Dade City man trains for 30-mile run to celebrate 85-pound weight loss

- For Martin Ellis, running is a passion.

Most days, the 57-year-old’s feet get moving before the sun comes up. His heart pounds and sweat pours as he inches closer to his goal.

This weekend the Dade City man will lace up his sneakers and join thousands of other runners racing in the Gasparilla Distance Classic. There are four races: The 5K, 8K, 15K, and half marathon.

Martin plans to complete every single one for a distance of more than 30-miles. He says he's ready.

“I am working with a running coach and there's daily and weekly training schedules," he said. "As people are sleeping late, I’m getting up at 4 a.m. so we can meet with friends at 5 a.m. when it's a little bit cooler out."

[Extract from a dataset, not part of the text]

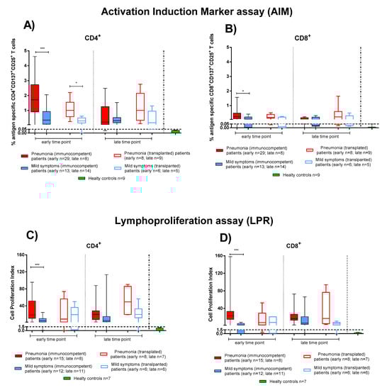 SARS-CoV-2-specific T-cell responses were compared between immunocompetent (IC) and transplanted (TX) patients with pneumonia or mild symptoms at early and late time points. (A) SARS-CoV-2-specific CD4+ and (B) CD8+ T-cells (rapid Activation Induced Marker assay); (C) CD4+ T-Cell Proliferation Index; (D) CD8+ T-Cell Proliferation Index. Early time point: patients with pneumonia, IC median 58 (range 45–100); TX 60 (30–62) days after infection; patients with mild symptoms, IC 48 (30–100); TX 54 (26–75) days after infection. Late time point: patients with pneumonia, IC median 212 (range 186–400); TX 233 (164–309) days after infection; patients with mild symptoms, IC 192 (150–306); TX 167 (150–207) days after infection. * p < 0.05; *** p < 0.001.

He's been training for the event for six months, however, crossing the finish line Sunday might be considered his second-biggest accomplishment. Over the last year, Martin has dropped about 85-pounds.

"The most that I ever remember seeing on the scale was 305," said Martin. "That was a rough day, it was a really rough day to realize that I was that out of control."

It may have been tough to swallow, but it was a turning point. In March, Martin had robotic gastric sleeve surgery to get back on track and get healthy.           

"Martin was the typical patient in that he needed the weight loss operation because of several medical conditions that were rather early in their onset," said Dr. John Dietrick, Medical Director of the Surgical Weight Loss Institute of the Florida Hospital Tampa.

It hasn't been an easy journey, but Martin just keeps putting one foot in front of the other. Ready to take his victory lap.           

"I feel, once again, that I’m in control of my life,” Martin said. “I got my life back."

Every weight loss surgery comes with the chance of complications which should be explained to patients. 

Dr. Dietrick tells FOX 13 News a sleeve gastrectomy is one of the lowest risk surgeries done at Florida Hospital Tampa, saying for many patients, the health risks of remaining overweight are greater than having the operation.